Work order: The answer is to be the lines of the material from its start through the line containing "110 90 セットアップ", each copied exactly; no pictures.

BEGIN Data for analysis

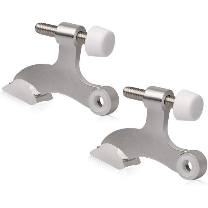 2 Pack Hinge Pin Door Stopper Brushed Satin Nickel - Adjustable Heavy Duty Hinge Pin Door Stop with White Rubber Bumper Tips
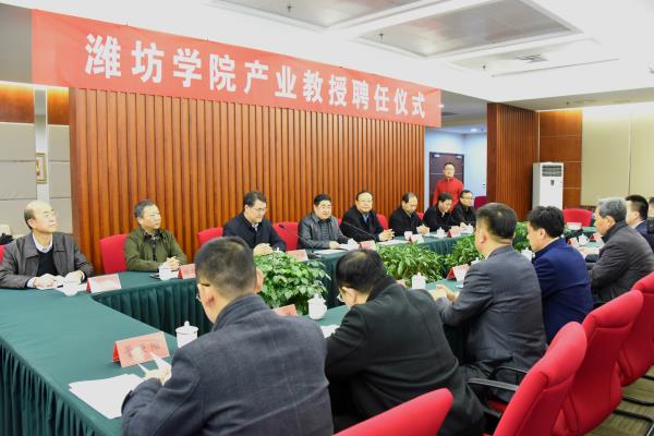 孙文亮对各位专家的到来表示欢迎。他简要介绍了学校的办学历史和发展概况以及近年来取得的成就。他说,多年来,学校始终坚持“人才强校”发展战略,在深化产教融合、联合开展项目研究、建立教学实习基地等方面取得不少成效。学校在服务地方工作中也取得多方面成绩。他希望各位专家教授把潍坊学院当成新的事业平台,充分发挥所在单位和企业的优势,发挥自身的专业特长,全面参与到学校的学科专业建设、人才培养、科学研究等工作中,不断提升我校人才培养水平、科研创新水平和服务社会能力。他要求,学校各职能部门和相关学院,要充分认识产业教授对于深化产教融合、推进协同育人等工作的重要意义,要高度重视和支持各位教授开展工作,积极做好服务保障,为各位教授创造出良好的工作环境。
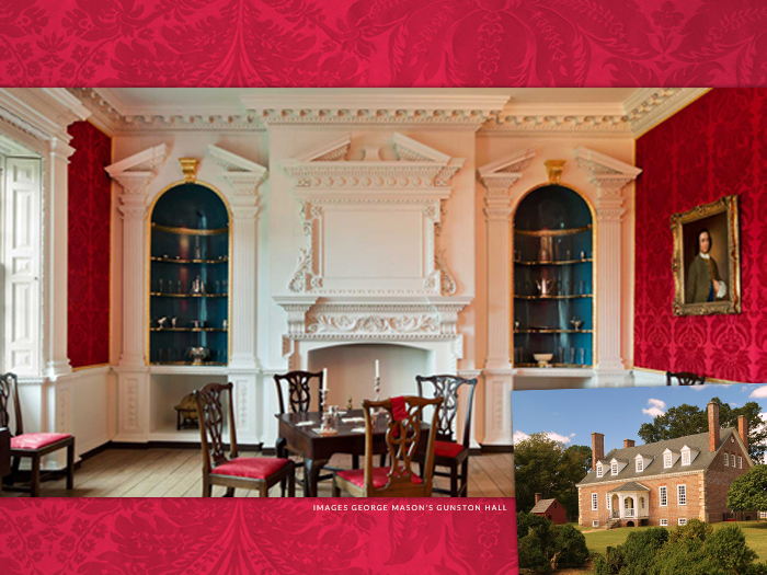 A circa 1750 English design found at George Mason's mid-18th century Georgian residence, was the inspiration for the “Hunt Damask.” This reproduction fabric was installed as draperies and wall upholstery in the master bedroom.
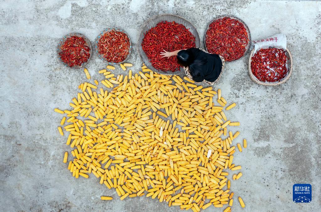 9月5日, 村民在貴州省黔西市定新彝族苗族鄉新村村晾曬辣椒和玉米(無(wú)人機照片)。
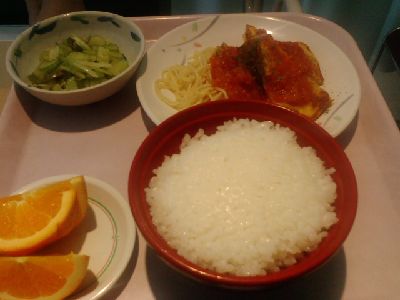 スパゲッティに、ご飯・・・・・・で、サラダは、キュウリの和え物 というセンス
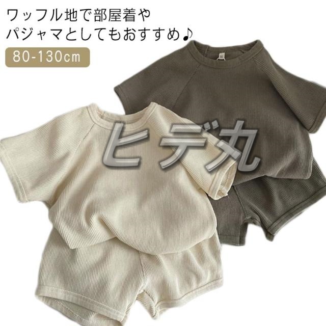 110 90 セットアップ キッズ サマーニット ワッフル 通園 ベージュ ブラウン カーキ 80 男の子 100 アイボリー 120 130 子供服 部屋着 夏 遊び着 リラックス 半袖 ハーフパンツ 秋 春 キッズ こども服 ベビー 韓国ファッション
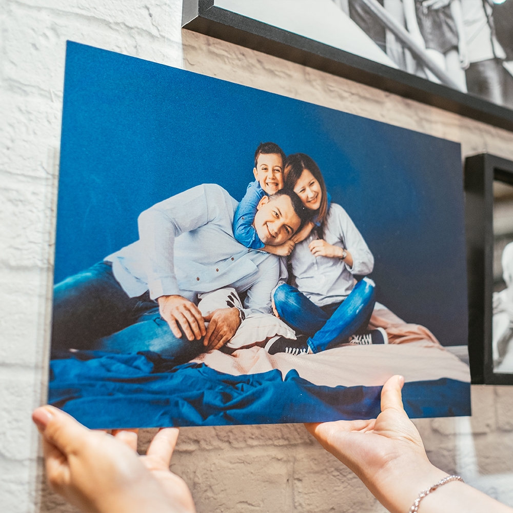 O alumínio realça as imagens proporcionando cores mais vibrantes e de nítida resolução com um destaque diferenciador às imagens nele impressas. Tem uma superfície rígida, resistente a riscos, água, corrosão atmosférica e fácil de limpar sem que seja danificada. A tua fotografia preferida do casamento, a sessão fotográfica em estúdio do teu bebé, a viagem memorável.... Certamente não faltarão ideias de momentos especiais para rechear a tua casa com as melhores memórias. Com o nosso Editor online, imprimir fotografias em Quadros para a tua casa é fácil, rápido e cómodo. Basta selecionares o formato do quadro, fazer upload da tua fotografia preferida, personalizar a imagem como quiseres, selecionares uma morada para a entrega e finalizares a tua encomenda no Editor.
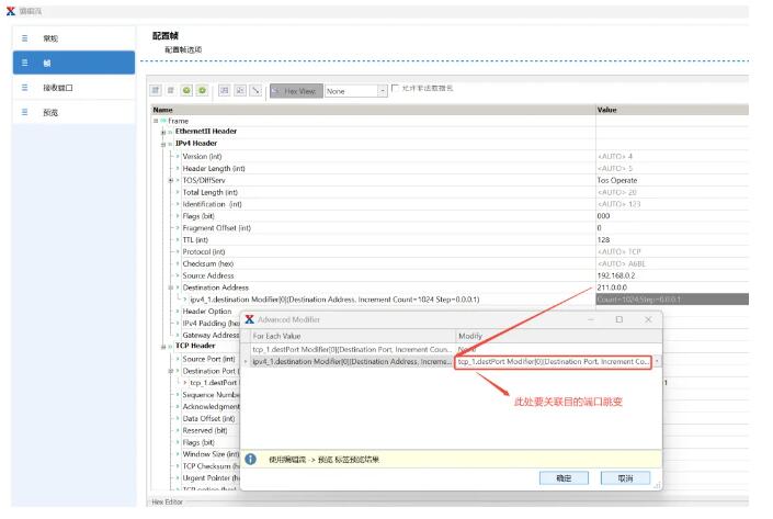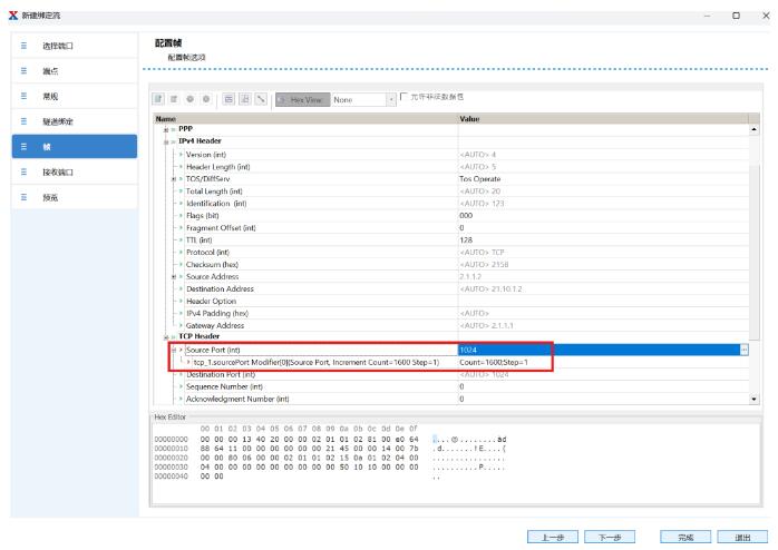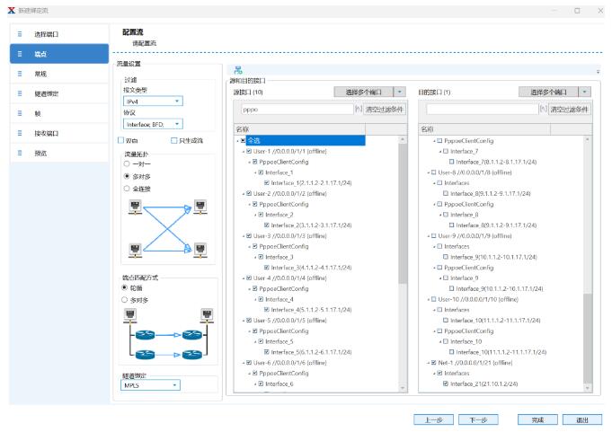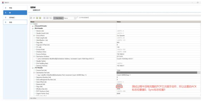創(chuàng)建用戶側(cè)到網(wǎng)絡(luò)側(cè)的上行流量,添加UDP/TCP頭,設(shè)置源端口跳變,使每個(gè)用戶打滿端口塊,實(shí)現(xiàn)最大并發(fā)session數(shù)測(cè)試:
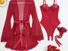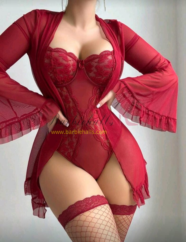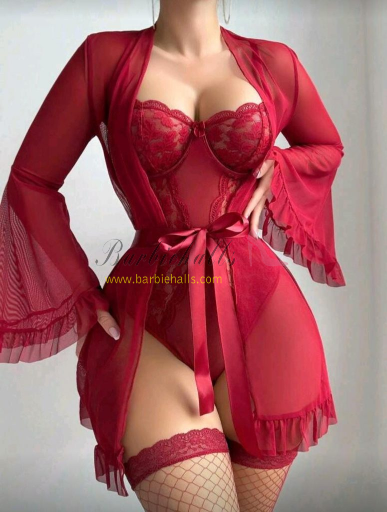Set de 5 piezas: Body con abertura sexy + Bata + Cinturón + 1 par de medias para salir
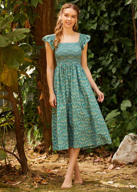 Vestido midi de estilo vintage con gafas de sol
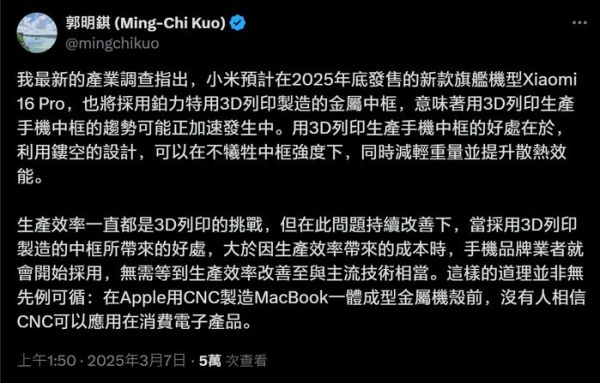 就在昨天(3 月 7 日),知名分析师郭明錤发布了他的最新产业调查结果,指出小米预计将在 2025 年底发布的小米 16 Pro 上,采用 3D 打印而成的金属中框。
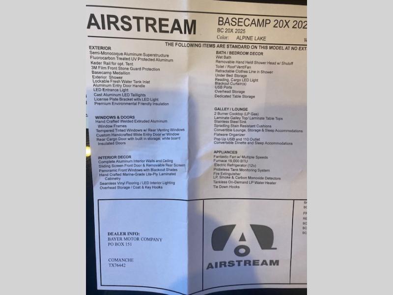 With any Basecamp travel trailer by Airstream, adventure knows no limits! The aggressive departure angle and large wheels are made specifically for handling uneven terrain, plus you can easily tow them with a variety of mid-size SUVs. The exterior includes a hand painted chassis, fluorocarbon treated UV protected aluminum, and a custom aluminum handcrafted entry door with window. You'll also find handcrafted welded extruded aluminum window frames, a torsion axle with shock absorbers, and Nev-R Adjust brakes. The interior offers Airstream Connected pre-wire, complete aluminum interior walls and ceiling, seating with Spradling stain resistant indoor/outdoor cushions and a laminate galley top, plus seamless vinyl flooring for durability and easy cleanup after all the adventures. A few features you will enjoy are the SmartPlug 30 Amp shore power, the aluminum Aircraft L-track storage system in the floor, and the optional fully enclosed tent, giving you the option to expand your outdoor living space!
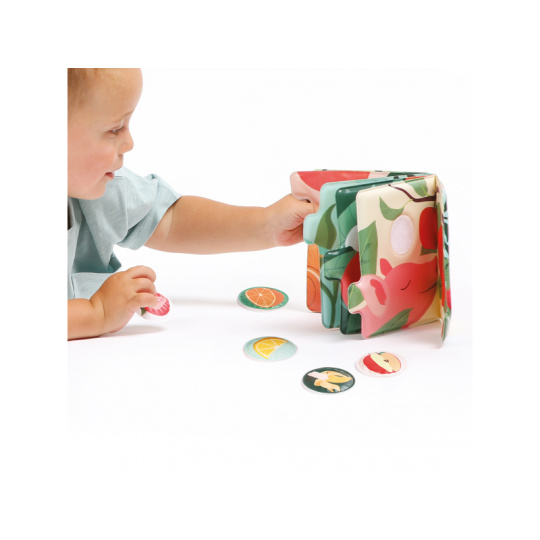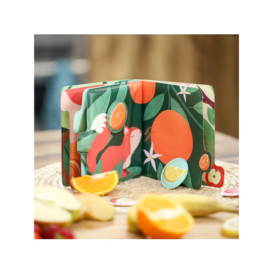 Vůně, barvy a první slova v jedné knížce! Tato interaktivní smyslová kniha s vůní ovoce vtáhne děti do světa chutí a přírody prostřednictvím veselých zvířátek a jejich oblíbeného ovoce. Každá stránka nabízí nová překvapení a probouzí zvídavost i fantazii. Knížka, která zapojí všechny smysly: Barevné ilustrace doplňuje jemná vůně ovoce, která se uvolní po přejetí prstem Děti se hravou formou učí poznávat ovoce, barvy, zvířátka i nová slova Interaktivní čtení podporuje slovní zásobu i smyslové vnímání Hra na přiřazování: Součástí knihy je 5 voňavých samolepek (broskev, pomeranč, jahoda, jablko, hroznové víno), které děti připevňují pomocí suchého zipu na správné místo Skvělá aktivita pro rozvoj čichové paměti, logického myšlení i jemné motoriky Silné stránky a snadno uchopitelné části umožňují i nejmenším čtenářům aktivně objevovat svět kolem sebe. Rozměry knihy: 15 × 15 × 3,5 cm Průměr voňavé samolepky: 5 cm Složení: 100 % PEVA Údržba: otírat vlhkým hadříkem Vhodné pro děti od 12 měsíců
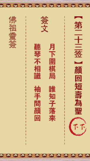 佛祖灵签第二十三签,颜回短寿为圣,佛祖灵签第23签解签
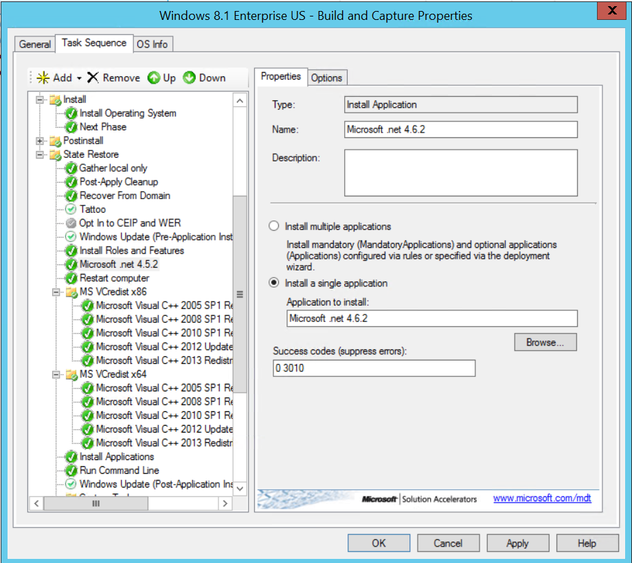 Go to you “Build and Capture” Task Sequence and enter the application just created and a restart action just after
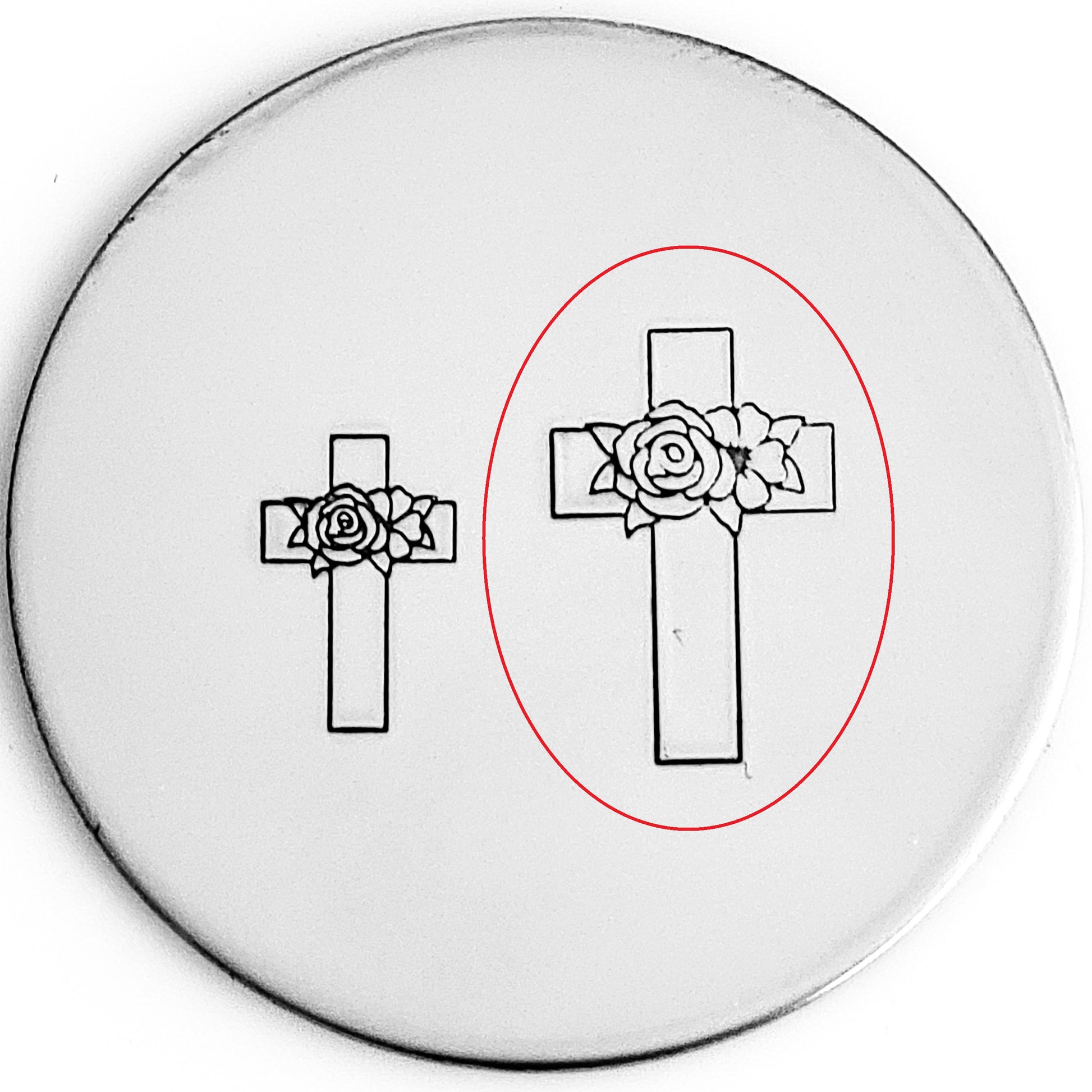 Broadening our collection of cross metal design stamps. Be sure to do a search on our website for "cross" to see which cross hand stamp styles we have in stock! This cross has flowers going across the cross.
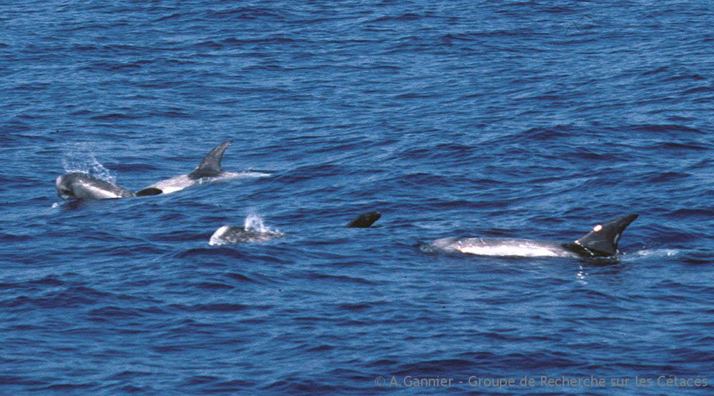 D’autre part, l’emprise humaine rapidement croissante sur les 15 kilomètres les plus côtiers (trafic de plaisance motorisée, bruit, …) a forcément un effet sur les espèces qui fréquentent le plus ce milieu proche : le Grand dauphin et le Dauphin bleu et blanc, ainsi que le Dauphin de Risso.
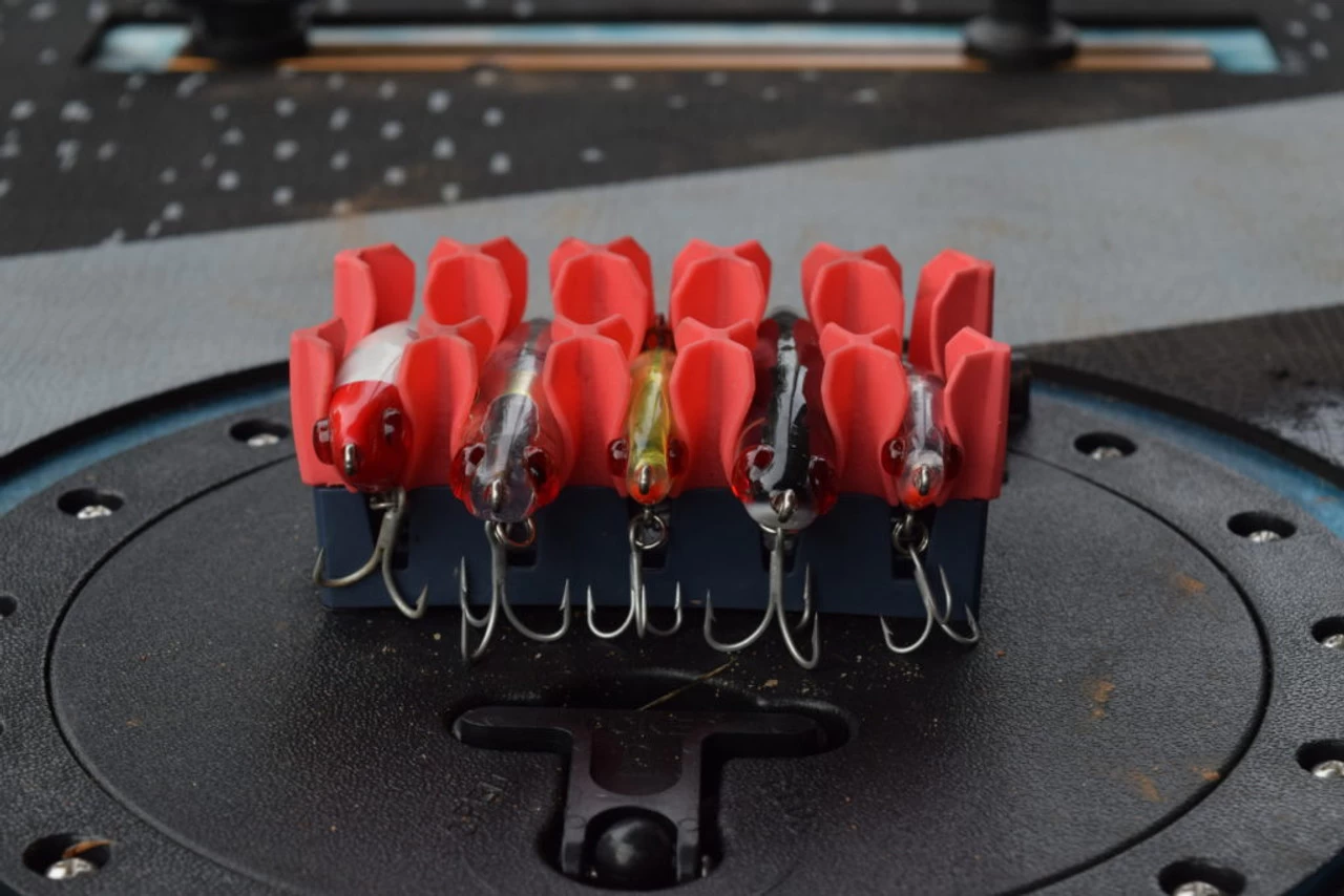 The Hard Bait Launch Pad offers the innovative storage system of the Hard Bait Box in a modular format. Weāve all been on the boat and swapped out a lure only to end up throwing it in the cup holder or even the floor. Weāve all experienced that these two places are not the ideal storage spot for lures or baits. The Hard Bait Launch Pad with the 3M adhesive allows you to adhere the Launch Pad to nearly any hard surface, allowing to to have access to your lures wherever you need them.

END Data for analysis

Solution to the problem:
 2 Pack Hinge Pin Door Stopper Brushed Satin Nickel - Adjustable Heavy Duty Hinge Pin Door Stop with White Rubber Bumper Tips
 孙文亮对各位专家的到来表示欢迎。他简要介绍了学校的办学历史和发展概况以及近年来取得的成就。他说,多年来,学校始终坚持“人才强校”发展战略,在深化产教融合、联合开展项目研究、建立教学实习基地等方面取得不少成效。学校在服务地方工作中也取得多方面成绩。他希望各位专家教授把潍坊学院当成新的事业平台,充分发挥所在单位和企业的优势,发挥自身的专业特长,全面参与到学校的学科专业建设、人才培养、科学研究等工作中,不断提升我校人才培养水平、科研创新水平和服务社会能力。他要求,学校各职能部门和相关学院,要充分认识产业教授对于深化产教融合、推进协同育人等工作的重要意义,要高度重视和支持各位教授开展工作,积极做好服务保障,为各位教授创造出良好的工作环境。
 A circa 1750 English design found at George Mason's mid-18th century Georgian residence, was the inspiration for the “Hunt Damask.” This reproduction fabric was installed as draperies and wall upholstery in the master bedroom.
 9月5日, 村民在貴州省黔西市定新彝族苗族鄉新村村晾曬辣椒和玉米(無(wú)人機照片)。
 スパゲッティに、ご飯・・・・・・で、サラダは、キュウリの和え物 というセンス
 110 90 セットアップ キッズ サマーニット ワッフル 通園 ベージュ ブラウン カーキ 80 男の子 100 アイボリー 120 130 子供服 部屋着 夏 遊び着 リラックス 半袖 ハーフパンツ 秋 春 キッズ こども服 ベビー 韓国ファッション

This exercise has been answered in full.